В это время, крестясь и шаркая ногами, к нему дедушка Устин подошел. Он еле на ногах держался, согнувшись чуть не до земли: в одной руке – книга, в другой – восковая свечка.
– Ты к каморке приставлен, Окентий? – спросил Устин и, охая, разогнул спину.
– Я самый…
– Вот что, сударик… – вплотную подошел он к Кешке. – Как придут завтра к каморке мужики, – живо за мной беги… Чуешь? А то я замаялся, от покойника иду, просплю, пожалуй… Такое дело…
Он положил руку на плечо растерявшегося Кешки, часто задышал и заговорил торопливо и трогательно:
– Ты, Кешка, батюшка, того… В случае чего, так… Они, бродяги, люди божьи… Вот-вот… Такое дело…
Кешка хотел было во всем признаться Устину: «Эвон, мол, дедушка, как мир-то порешил», – но, вспомнив грозный наказ, прикусил язык.
А Устин, прижав ладонь к груди и потряхивая головой, тихо жаловался:
– Вот здесь у меня худо, в сердечушке… Душа у меня, Кеша, батюшка, истомилась, глядя на мужиков… Прямо зверье… Грех один с ними… Да…
И загрозился Устин, и закричал:
– А не допущу… Нет!.. Отверчу змию голову!.. Да!
Кешке представилось, что не Устин, а он сам на мужиков кричит. Сжал кулачищи, крякнул и дико покосился на спящую деревню.
– А не послушают моего гласа – уйду… – ударил Устин об ладонь книгой. – Души же своей не омрачу и не опачкаю… Слово мое твердое… Знай!..
Опять Устин согнулся и пошел к своей хибарке, так же шаркая большими сапогами и подгибая ноги.

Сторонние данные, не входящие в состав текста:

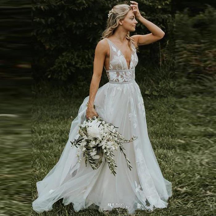 Country Garden Wedding Dress Deep V Neck Backless Lace Appliques A Line Beach Bridal Gowns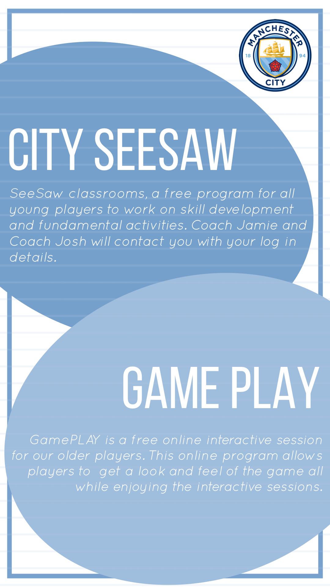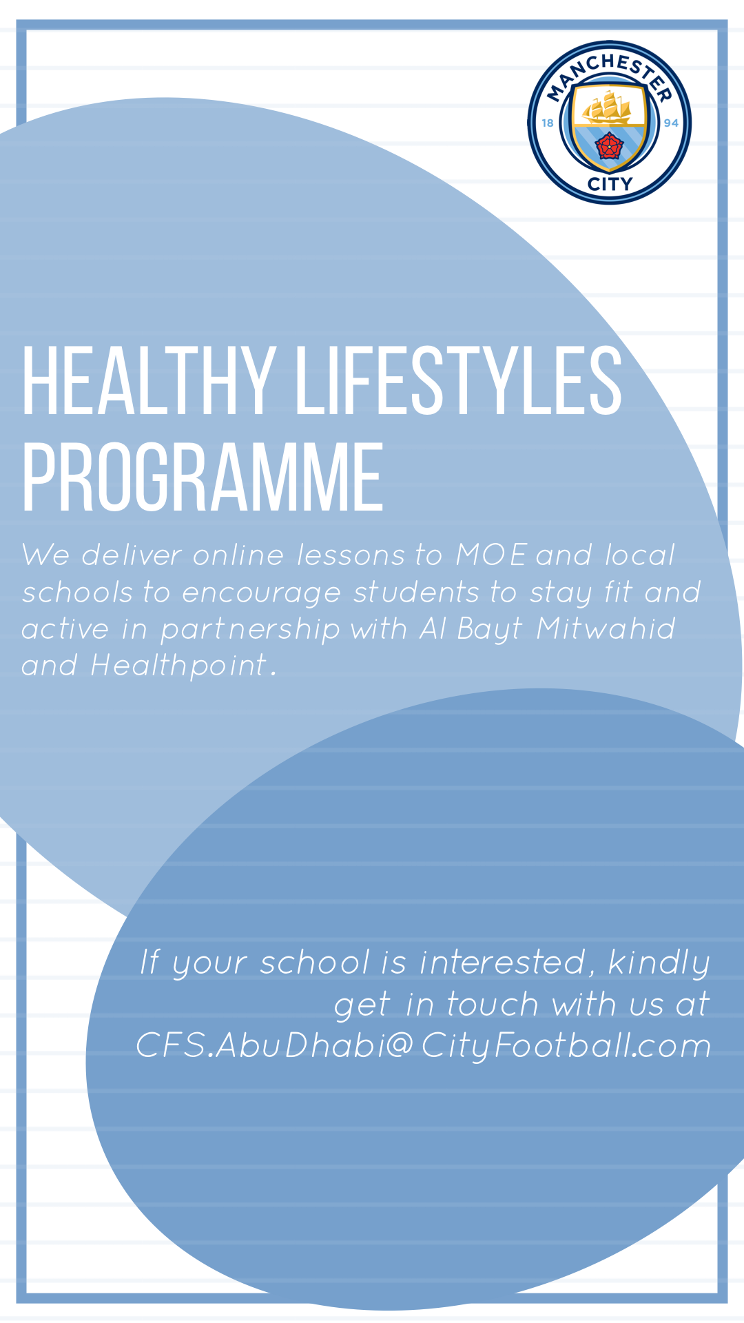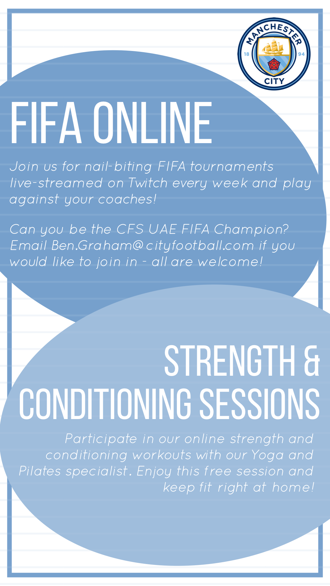 City Football Schools are offering lots of free ways to train and stay fit at home. Check out what’s available below and email CFS.AbuDhabi@cityfootball.com for coaches to add you into sessions. Have fun finessing your football skills!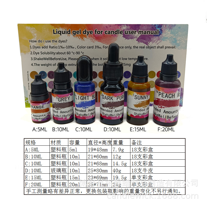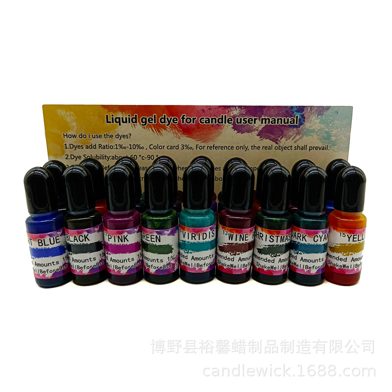 蜡烛液体色素染料颜色颜料10ml塑料瓶18色彩盒可配蜡芯架线板贴纸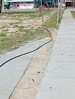 Water point in Matinhos. Black hose next to the playground, you have to open the meter on the ground.. --- Ponto de água em matinhos. Mangueira preta ao lado do parquinho infantil, tem que abrir o relógio no chão.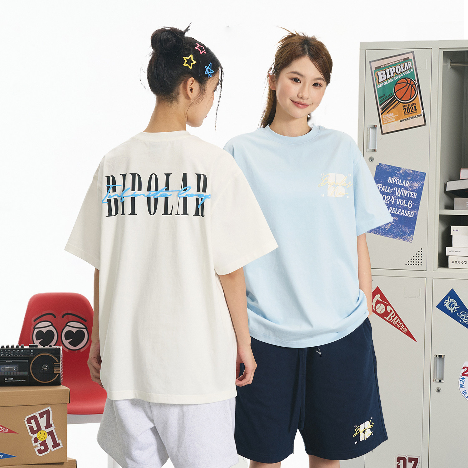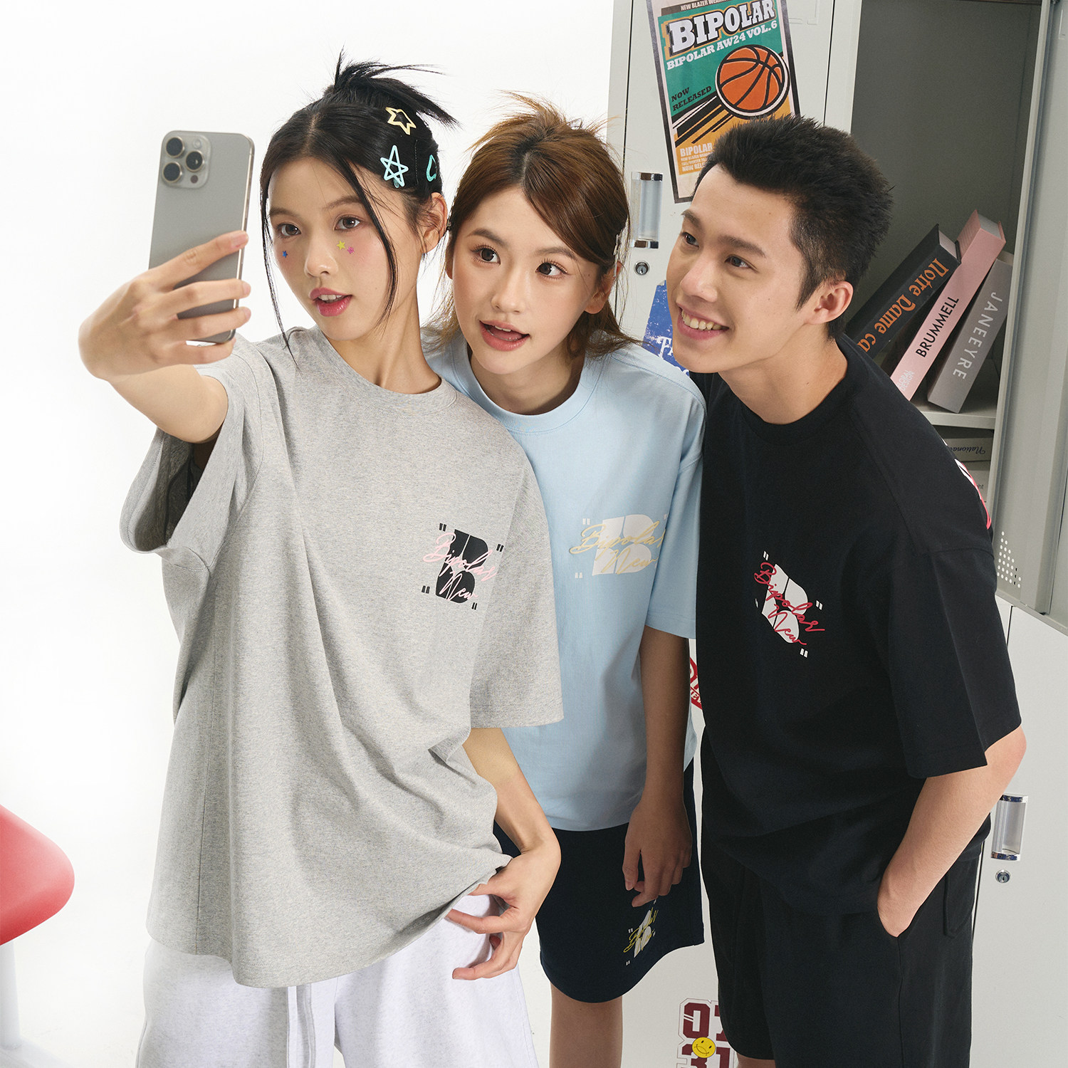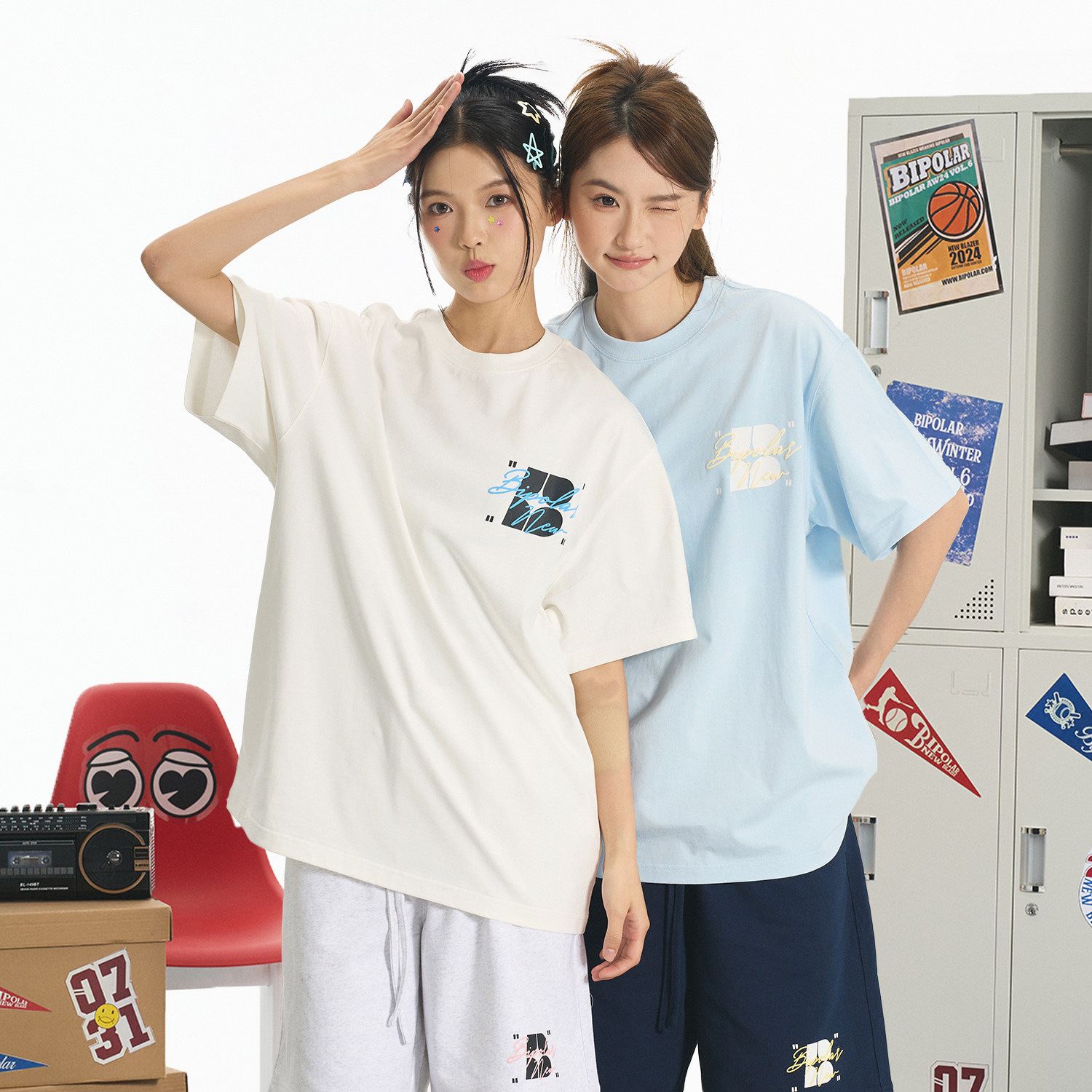 BIPOLAR手写字发泡短袖 潮牌圆领上衣男女 T恤国潮印花纯棉宽松美式

Кешка, не двигаясь, смотрел ему вслед. Потом подошел к бутылке, отшвырнул ее носком сапога, вздохнул, попробовал затянуть песню, – язык не поворачивался, – плюнул, рукой махнул, – а ну их к ляду!.. и, усевшись на землю, закурил трубку.
И не знал Кешка, за кем идти, кого слушать, не мог в толк взять, что именно требовал от него Устин. Жалеть бродяг… Ну, как? Выпустить их, что ли? Вскочить на коня да в волость, что ли? Так, мол, и так… Где тут, разве успеешь? Путаясь в мыслях и недоумевая, он курил трубку за трубкой.
Стало ко сну клонить. Он, засыпая, видел то косоглазую вдовуху Тыкву, то огромного медведя, идущего с поднятой дубиной прямо на него, вскидывал тогда упавшую на грудь голову, таращил сонливые глаза, беспокойно взглядывал на запор чижовки и опять поддавался дреме.